On a Mission to Fight Hunger

Six years after founding Brandywine Creek Farms, Jonathan and Amanda Lawler’s mission to end food insecurity in their community is stronger than ever.

“We don’t just hand out food. We use food as bridge to connect to people and find out why they are in this cycle of food insecurity,” Jonathan says. “The only way to address food insecurity is to address poverty.”

Their hunger-fighting effort began when their son asked to share the family’s food with his school’s food pantry. That request transformed the family’s produce farm from an agricultural business to a quest to feed the hungry.

Jonathan says he is guided by Bishop Desmond Tutu’s belief that, “There comes a point where we need to stop just pulling people out of the river. We need to go upstream and find out why they're falling in.”

Currently, the Lawlers’ Brandywine Creek Farms feeds an average of 30,000 families each year.

“While that’s not the hundreds of thousands who are hungry, every person we can save from drowning is one less person we worry about going forward,” Jonathan says.

Brandywine Creek Farms partners with community centers to identify people most in need of food donations. They also help those in need navigate available resources specific to the underlying issues driving that need.The Lawlers’ farm is structured to operate on a rule of thirds: one-third of their produce is sold wholesale to grocery stores, one-third is retailed into affordable access markets and one-third is donated to food banks and community centers. However, the reality is much different.

“The need is always so great that we end up giving more,” Jonathan says. “About 70 percent of our crop was donated in 2019, and in 2020 we donated 95 percent of all produce grown on our farm.

“COVID-19 took us to a point that I’ve never been as a farmer,” Jonathan adds. “We went from constant production growth to a need to pivot with all cash-positive markets going away overnight and a need for donated food that was 330% greater than the year prior.”

Due the increased need for food donations during the pandemic, Jonathan and Amanda have chosen not to take a paycheck from Brandywine Creed Farms since March of 2020.

“All farmers make sacrifices. There’s nothing special about the sacrifices we make to keep our farm alive,” adds Jonathan.

The family also operates an educational garden for area school children, a day camp, a soup kitchen and their FARM program, short for Formerly Incarcerated, Addicts, Recovery and Mentorship.

The farm’s day camp gives inner city kids ages 7 to 17 a chance to experience farm life.

“They see what we do every day and are able to actively participate in raising crops, while still having fun,” Jonathan says. “For those attendees at-risk of hunger, we also make sure their parents are signed up for our food deliveries.”

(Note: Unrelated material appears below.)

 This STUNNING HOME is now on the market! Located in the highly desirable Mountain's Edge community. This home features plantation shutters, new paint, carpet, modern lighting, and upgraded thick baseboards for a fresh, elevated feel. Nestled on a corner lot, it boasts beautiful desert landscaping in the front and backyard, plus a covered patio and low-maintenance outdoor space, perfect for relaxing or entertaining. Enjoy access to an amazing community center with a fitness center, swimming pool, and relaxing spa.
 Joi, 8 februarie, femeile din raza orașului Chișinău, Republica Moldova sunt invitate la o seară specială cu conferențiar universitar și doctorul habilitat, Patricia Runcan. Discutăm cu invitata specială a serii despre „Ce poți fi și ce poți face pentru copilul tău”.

Brandywine Creek Farm’s FARM program teaches young men and women real-life farm skills. Formerly known as the Second Chance Farmer Program, the program has accepted 78 applicants, with 20 successfully completing the program.

“When you work with at-risk folks, you are going to have a lot of heartbreak, but we’ve had a lot of success stories, which we are really proud of,” Jonathan says.

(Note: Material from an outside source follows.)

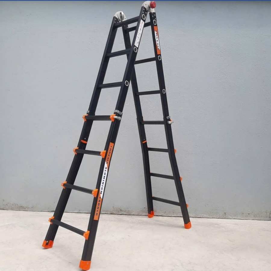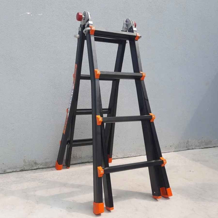 - Thang duỗi thẳng: Khi kéo thang dài ra, bạn có thể sử dụng ở những không gian rộng, làm việc trên các công trình xây dựng hoặc lắp đặt thiết bị ở độ cao lớn.

Among the “diamonds in the rough” who excelled in the program is a young man who possessed a knack for mechanics, progressing to the point where he could service all of the farm’s equipment. Another young man became a sheriff’s deputy after completing the program, and missed the farm so much that he instead secured a job managing a hops farm. Others include a welder and an urban farm manager.

Brandywine Creek Farms produces cucumbers, tomatoes, zucchini, cantaloupe, watermelons, bell peppers, jalapeno peppers and banana peppers. The Lawlers run it with their three sons, Daniel, Elijah, and Gabriel.